The following facts are drawn from his Proposed Amended Complaint and are viewed most favorably to Plaintiff.

Plaintiff is an experienced building level administrator who has provided the NECSD with twenty years of service. He served as an Assistant Principal in the NECSD for ten years then as principal for the Middle School of Marlboro. (Proposed Am. Cmpl’t. ¶ 4). For the past ten years, plaintiff was employed at the Gidney Avenue Memorial School (“GAMS”) as a Program Specialist. (Id. ¶ 6). While serving as the Program Specialist, plaintiff developed and implemented the Gidney Avenue Memorial School’s magnet program and gained strong support from parents and students at the school. (Id. ¶¶ 7-8).
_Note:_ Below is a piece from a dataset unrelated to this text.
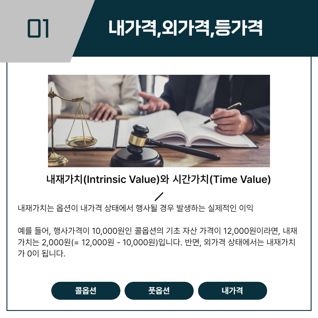 - 내가격 옵션(ITM)의 경우 내재가치가 존재하며, 이 내재가치에 시간가치가 더해진 금액이 옵션의 전체 가치가 됩니다.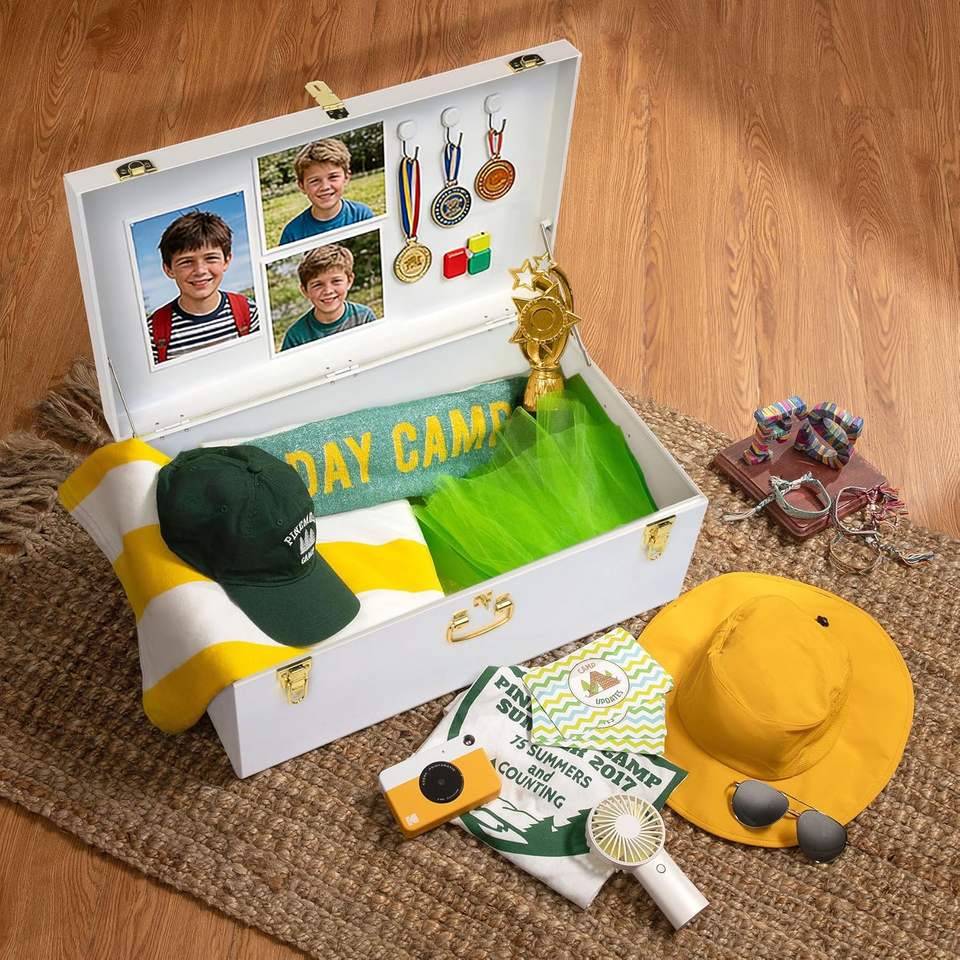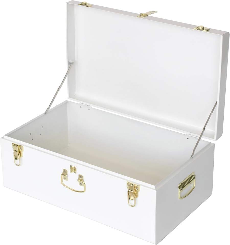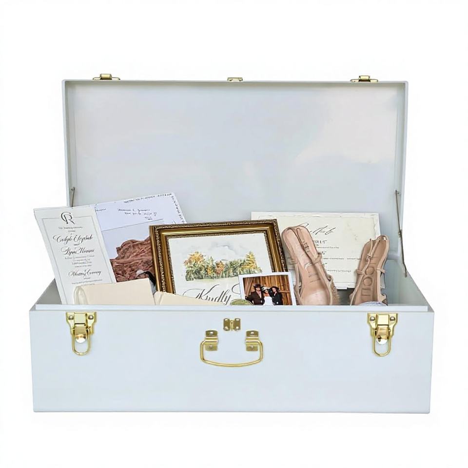 กล่องโลหะสีขาวสำหรับเก็บของที่ระลึกงานแต่งงาน พร้อมอุปกรณ์ตกแต่งสีทอง สำหรับเก็บการ์ดเชิญ รูปภาพ และของที่ระลึกวันแต่งงาน

As part of his job duties, plaintiff participated in and led committees dealing with issues of curriculum alignment. 1 In the course of these meetings, plaintiff expressed his concerns that the process of curriculum alignment would “eliminate instructional individuality,” “demoralize faculty members,” and might foster a habit of “teaching to the test” or other “educationally questionable methodologies.” (Id. ¶ 10). Plaintiff states, however, that despite his reservations about the process of aligning school curricula with the State’s proposed curricula, he “fully implemented” the related tasks assigned to him and volunteered to assist the district in implementing curriculum alignment. (Id. ¶ 11). Specifically, plaintiff points to the fact that he successfully led one of the curriculum writing teams during the Summer of 1999 and participated in meetings during the following school year to implement his team’s work product. (Id. ¶ 28). At the end of the 1999-2000 school year plaintiff again volunteered and led a team. (Id. ¶ 29).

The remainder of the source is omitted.